The argument here is that though Israel had entered into the land, they did not enter into the rest. God had sworn in the wilderness that they should not enter into the rest, and Caleb and Joshua had to share the common judgment of the people. Verse 1 is a warning to those who are in the Christian profession; “lest... any of you”. The Hebrews are addressed as in the place of profession, and the fear was lest they should depart. The whole point of the chapter is a warning against Christians failing to enter into the purpose of God. The danger is of failure in faith to grasp the purpose in the present. We may come into it in result by and by, but that is another matter. The leading saints on to the ground of purpose is the great object of the epistle. When you begin to see that your responsibility has been completely met in Christ, then the purpose of God is presented to you, and this is what tests people, so that we get such chapters as chapter 6. The apostle separates himself from those who would turn back; “we are not of them who draw back”. Constantly, too, he associates himself with those whom he was addressing; “Let us therefore fear”. The point that tested was, were they prepared to accept the purpose of God about them, for if they did they would have to leave man’s ground.

I believe there is a moment in our histories when we are thus tested; then people either go forward or backward, you must be going in one or other direction. God-ward or man-ward; that is, either going in the direction of God’s purpose, or turning back to man. If people do not go on when they get the light of purpose presented to them, they are the most exposed to the enemy; like the two-and-a-half tribes, they would stop short of death. If you accept death with Christ, you will enter on your new place with God; death is the only way by which we can enter on a new position before God while we are down here.

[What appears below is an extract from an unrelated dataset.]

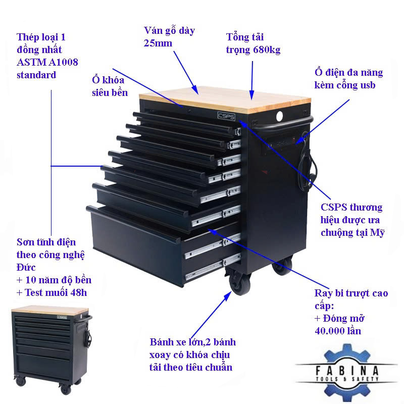 CSPS tool cabinet 76 cm – 07 drawers (black handles)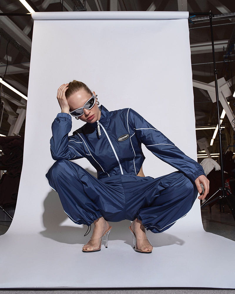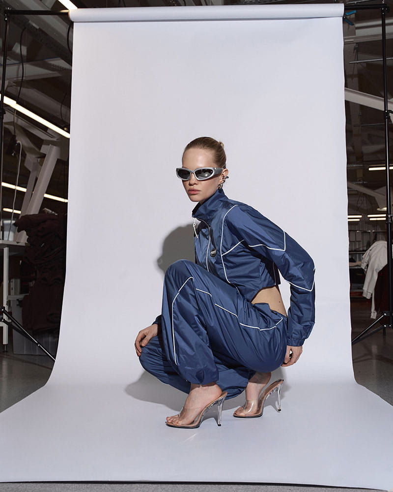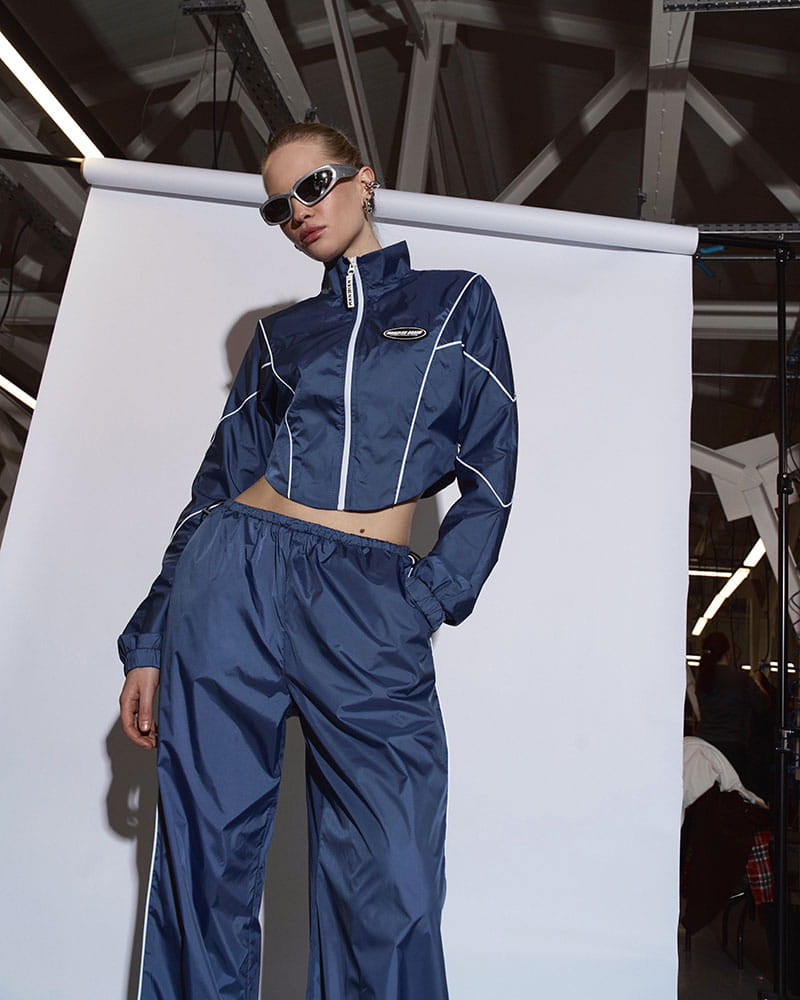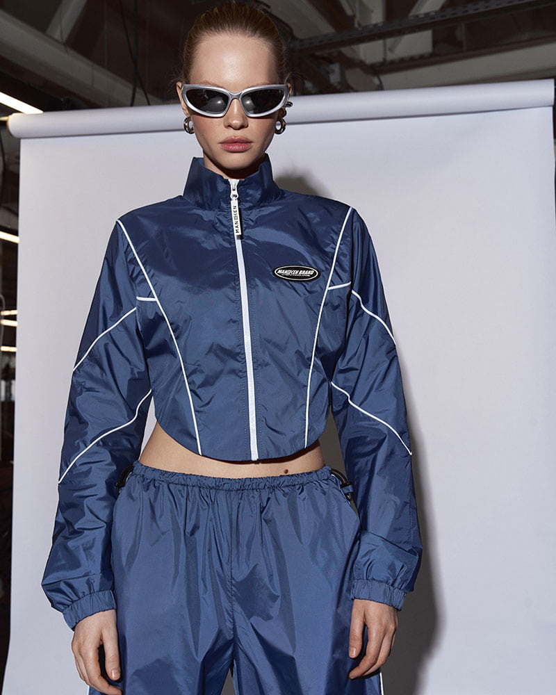 По всей ветровке в рельефах контрастный кант, подчеркивающий линии, которые визуально делают фигуру стройной.

The Lord’s miracles on the sabbath were all miracles of mercy. When the ruler of the synagogue said to the people, “there are six days in which men ought to work: in them therefore come and be healed, and not on the sabbath day”, he never meant that for the people, but for Christ; it was a stab at Him. It is like man! See the hypocrisy of it; the sabbath was an institution for the Jew, but is God going to be bound by an institution? It was the sign of the covenant, and the man who gathered sticks on that day had, under the law of Moses, to be stoned. But the Jews sought to bind Christ by it. The ruler says “there are six days in which men ought to work”. Who work? Was Jehovah to be bound? The Lord speaks in a most scathing way — “thou hypocrite!” It was all hypocrisy.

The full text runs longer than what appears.